GRIDS - A VERTICAL MARKET PERSPECTIVE PT. 1
Insight Research

Grid computing is a form of distributed system that makes it possible for computing resources to be shared across networks. Just as Web standards and technologies enabled universal, transparent access to documents, Grid promises to do much the same for computing resources. Grid enables the selection, aggregation, and sharing of information resources resident in multiple administrative domains and across geographic areas. These information resources can be shared based upon their availability, capability, and cost, as well as the user's quality of service (QoS) requirements. The advantages of a grid architecture include:

  • reducing the total cost of ownership (TCO);
  • aggregating and improving the efficiency of computing, data, and storage resources; and
  • enabling the creation of virtual organizations for applications and data sharing.

In the US alone, several hundred million dollars of government funding were spent on grid research initiatives since the mid-1990s. Elsewhere in the world, there are currently about 20 to 30 substantial academic/research grids under development or in production. The accent today, however, has shifted to commercialization of grid technologies for the enterprise.

Grid computing is but one of several fundamental technologies that many analysts predict will transform the IT industry and the enterprise IT infrastructure over the next decade. As enterprises of all kinds are demanding better IT resource utilization, lower administrative and management costs, and distributed, failure-tolerant infrastructures, a grand synthesis of these technologies is in progress. The resulting IT infrastructure is expected to be radically different from today's, with lower costs, failure- tolerant systems, and highly distributed, inter-enterprise applications.

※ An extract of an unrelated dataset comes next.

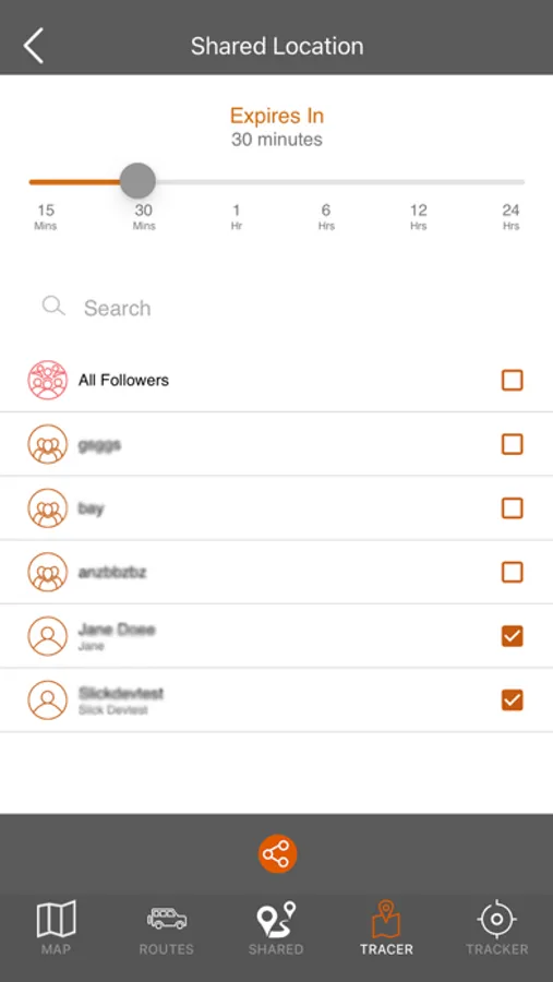 • Use the Tracer feature to share your location with others until you arrive safely at your destination

As of yet, there does not appear to be a commonly agreed upon name for this synthesis. Prior to their acquisition by IBM, PricewaterhouseCoopers Consulting called the service grid "Internet Computing," IBM now calls it "e- business on demand," and yet others call it "Next-Generation Data Center" or "P2P Computing."

What's Driving Grid Computing?

Since grid computing uses open protocols and standards to perform distributed computing over the Internet or private Intranets, it is clear that grids focus on resource sharing and virtualization. Interest in grid technology is being driven by a number of key concerns of IT customers across all industries, geographies, and sizes of business, including:

Increased computational needs Enterprises, beyond the traditional scientific community, are increasingly running compute-intensive and high-throughput applications. These applications generate dramatic spikes and lulls in demand for computing power, and the IT department is challenged to engineer the balance of appropriate capacity level and cost.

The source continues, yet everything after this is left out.